I'M STILL HERE
Quand J.P. dérape !
Casey Affleck, le discret frère de Ben, reconnu depuis ces trois dernières années pour ses irréprochables performances d'acteur (« L'assassinat de Jesse James »), serait-il amateur de docu-fiction? C'est ce qu'on est en droit de se demander à la vision de ce documentaire sur la carrière, même pas débutée, de Joaquin Phoenix en tant que rappeur.
Mis à nu dès les vingt premières minutes, "I'm still here" est un évident faux documentaire sensé suivre le suicide artistique de Joaquin Phoenix dans une quête de rimes assez foireuses. Entre un "La vie de Michel Muller" et un "Spinal Tap", on y découvre les déboires et autres dérapages de mauvais goûts, en public comme en privé, de l'acteur en complète décadence. Drogues, putes et "fuck" dans tous les sens, Joaquin Phoenix est hilarant d'irrévérences envers le monde du cinéma. Affublé d'une barbe de vieux marin et d'une improbable coupe de cheveux, l'acteur se donne à fond dans ce rôle de piètre rappeur, totalement à coté de la plaque. Les fans de l'acteur risquent de mal supporter ses frasques le ridiculisant lors de situations bien embarrassantes, tel un loser qui loupe absolument tout. Véritable risée d'Hollywood, d'une extraordinaire maladresse devant P. Diddy, J.P. (de son petit nom de scène) fonce tête baissée dans l'auto-dérision, offrant une véritable performance d'acteur 24/7.
Ses dérapages télévisés dans divers talk-show américains, qui ont été relayées par les médias du monde entier, sont bien sûr allègrement exploitées, véritable pain béni pour Casey Affleck. On y redécouvre notamment comment il a ruiné la promo de "Two Lovers"; les journalistes posant plus de questions sur son soudain revirement que sur le film de James Gray. Malgré tout, le hoax ne tarde pas à être démasqué et la rumeur du coup de pub pour le docu d'Affleck circule à toute allure. On peut saluer le fait que les trois complices (Affleck, Phoenix et Pete Coffin) s'en donnent à cœur joie pour nous concocter des disputes et autres crasses à foison. Puis le tout s'écroule peu à peu. La dernière demi-heure perd de sa vergogne pour s'apitoyer sur Phoenix, comme si le subterfuge n'avait pas été découvert (surtout que l'acteur l'a confirmé deux semaines après la première de Venise dans le show de Letterman). Celle-ci s'avère être superflue et rallonge un faux documentaire, qui aurait bénéficié à garder son coté trash, au lieu de verser dans le pathos inconvenant.

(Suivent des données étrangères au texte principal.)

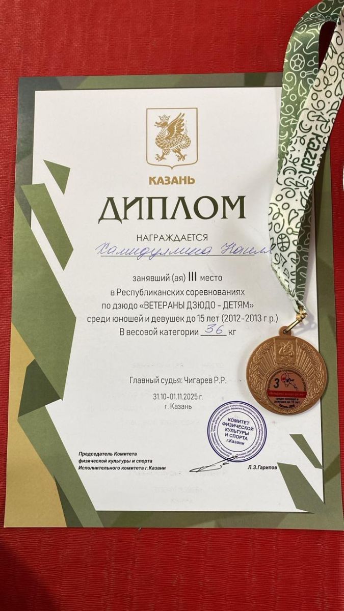 Опубликовано: 03.11.2025Мы гордимся нашими юными спортсменами! На республиканских соревнованиях среди юношей и девушек до 15 лет Хамидуллина Наиля завоевала бронзовую медаль!

Ceci dit, en sortant de la salle, on ne peut s'empêcher de se demander comment l'acteur sera perçu après s'être foutu du monde du cinéma de cette façon. L'étrange impression que le Phoenix a perdu quelques plumes à jouer le benêt reste bien présente. Mais il suffit de se remémorer ses formidables performances pour être certain qu'il saura, sans nul doute, renaître de ses cendres.